Matching is instead done on the C<nick> column.  C<flags> is a bit mask of
flags, the flag for a granted slot is 1.

=head2 Hash data

  CREATE TABLE hashdata (
    root TEXT NOT NULL PRIMARY KEY,
    size INTEGER NOT NULL,
    tthl BLOB NOT NULL
  );

Unsurprisingly, this stores the hash data of shared files.

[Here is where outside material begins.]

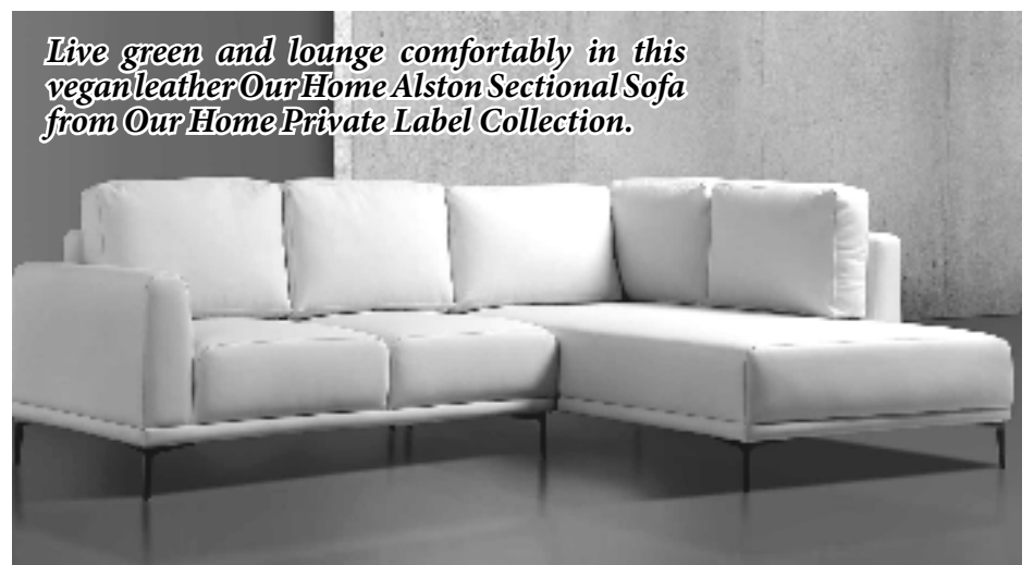
Live green and lounge comfortably in this vegan leather Our Home Alston Sectional Sofa from Our Home Private Label Collection.

C<root> is the TTH
root, encoded in base32. C<size> is the size of the file and C<tthl> is the TTH
data.

  CREATE TABLE hashfiles (
    id INTEGER PRIMARY KEY,
    filename TEXT NOT NULL UNIQUE,
    tth TEXT NOT NULL,
    lastmod INTEGER NOT NULL
  );

A mapping of I<files> to I<hashes>. The C<id> column is an alias for the SQLite
C<rowid>, and used internally in ncdc to speed up certain operations.
C<filename> is the absolute and canonical path to the file, as obtained from
C<realpath()>. C<tth> refers to C<hashdata (root)>, and C<lastmod> is the last
modification time, as a UNIX timestamp.

It is not uncommon to have multiple files with the same TTH. An row in
C<hashfiles> should B<always> have a corresponding row in C<hashdata>.  It is
possible to have an row in C<hashdata> with no row in C<hashfiles> referring to
it, or to have entries in C<hashfiles> that are not in a shared directory at
all. These are cleaned up with C</gc>.

=head2 Download queue

  CREATE TABLE dl (
    tth TEXT NOT NULL PRIMARY KEY,
    size INTEGER NOT NULL,
    dest TEXT NOT NULL,
    priority INTEGER NOT NULL DEFAULT 0,
    error INTEGER NOT NULL DEFAULT 0,
    error_msg TEXT,
    tthl BLOB
  );

Each row represents a file in the download queue. File list downloads are not
included. C<tth> is the base32-encoded TTH root of the file, C<size> the file
size, in bytes and C<dest> is the full destination path where the file will be
moved to after downloading. Possible values for C<priority> are defined in the
C<DLP_*> macros in dl.c. Possible C<error> values are defined in the C<DLE_*>
macros. C<error_msg> is NULL if there is no error. C<tthl> is the downloaded
TTH data, NULL if it hasn't been fetched yet.

  CREATE TABLE dl_users (
    tth TEXT NOT NULL,
    uid INTEGER NOT NULL,
    error INTEGER NOT NULL DEFAULT 0,
    error_msg TEXT,
    PRIMARY KEY(tth, uid)
  );

Stores the users from which a download queue item can be downloaded from.
C<tth> refers to C<dl (tth)>, C<uid> is the user id, stored as a 64-bit signed
integer but internally represented as an unsigned integer in ncdc. C<error> and
<error_msg> have the same meaning as for the C<dl_users> table, but obviously
represent errors that only affect the user rather than the file. (e.g. when the
file is not available from this user).

It is possible for a C<dl> row to have no corresponding rows in C<dl_users>,
but a C<dl_user> row must always refer to a row in C<dl>.